Once Works Well was pure technology. Now it seeks merely to divert.
Pansy subjects - Verse! Opera! Domestic trivia! - are now commonplace.
The 300-word limit for posts is retained. The ego is enlarged

Sunday, 25 July 2010

Windows dumbs down

Changing from Windows 98 to XP was like sliding back a couple of years at primary school. Words reverted to pictures. The trend continues with Windows 7.

Start (bottom left), which misleadingly hid Stop, has been scrubbed and literalists may now click on a globe icon and delight in an unequivocal Switch Off.

Right-clicking Create Shortcut is not always available. Instead it’s Send To > Desktop, More logical, of course, once you know.

The former Control Panel option of Add/Remove Software, which I always thought required an initial act of faith, is to be found under the blandly titled Programs and Features. Right-clicking on the listed program gives Uninstall.

Sentimentalists will mourn the passing of the egg-timer as they wait for things to happen; a rotating silver ring doesn’t have the same charm.

But perhaps the best change is the execution of the obscurely titled Outlook Express (which I always renamed Email) and its re-emergence as Windows Live Mail. What took them so long?

There’s a brutalist intervention in Solitaire. When no further moves are possible Windows tells you so.

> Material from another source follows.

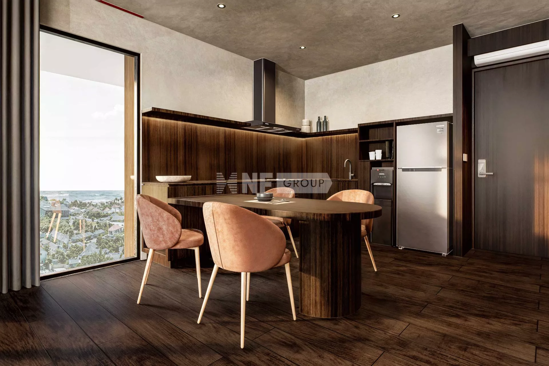 A spacious two-bedroom duplex with an elegant blend of indoor and outdoor living. The lower level features a full kitchen, dining area, and guest bedroom, while the upper level boasts a master suite with a private balcony. The rooftop terrace with a plunge pool creates the perfect retreat, offering luxury living in a prime location.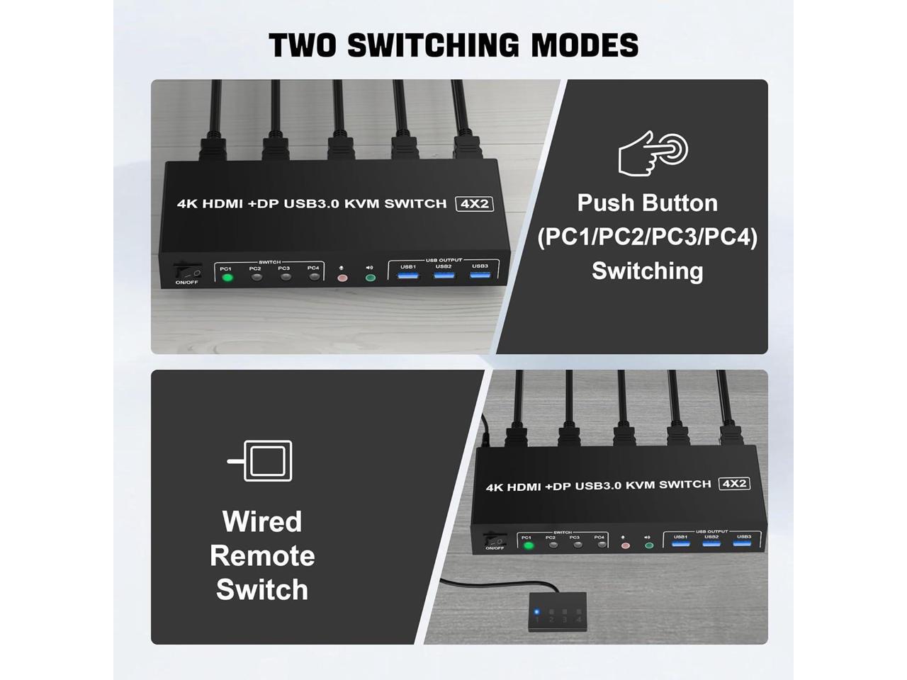 - Support 2 Switching Modes & LED Indicator: 1. Buttons switching, just need one click switch to the designated computer;2.Wired remote switch. LED indicates the active computer. The package comes with an external power.

CHICKEN MECHANIC I wrote the above while waiting for a repair to my car at Winner Garages at the aptly named Forest of Dean town, Cinderford. An interesting fault. At precisely 81 mph a high-speed flapping, almost a chatter, announced itself. How did law-abiding BB become aware of this? In France, of course, where 81 mph is more or less the autoroute maximum of 130 kph. The receptionist told me quite sturdily that the mechanic was not prepared to road-test the noise. However, he did find a loose undertray at the rear and it remains for me to find a bit of motorway and check the repair.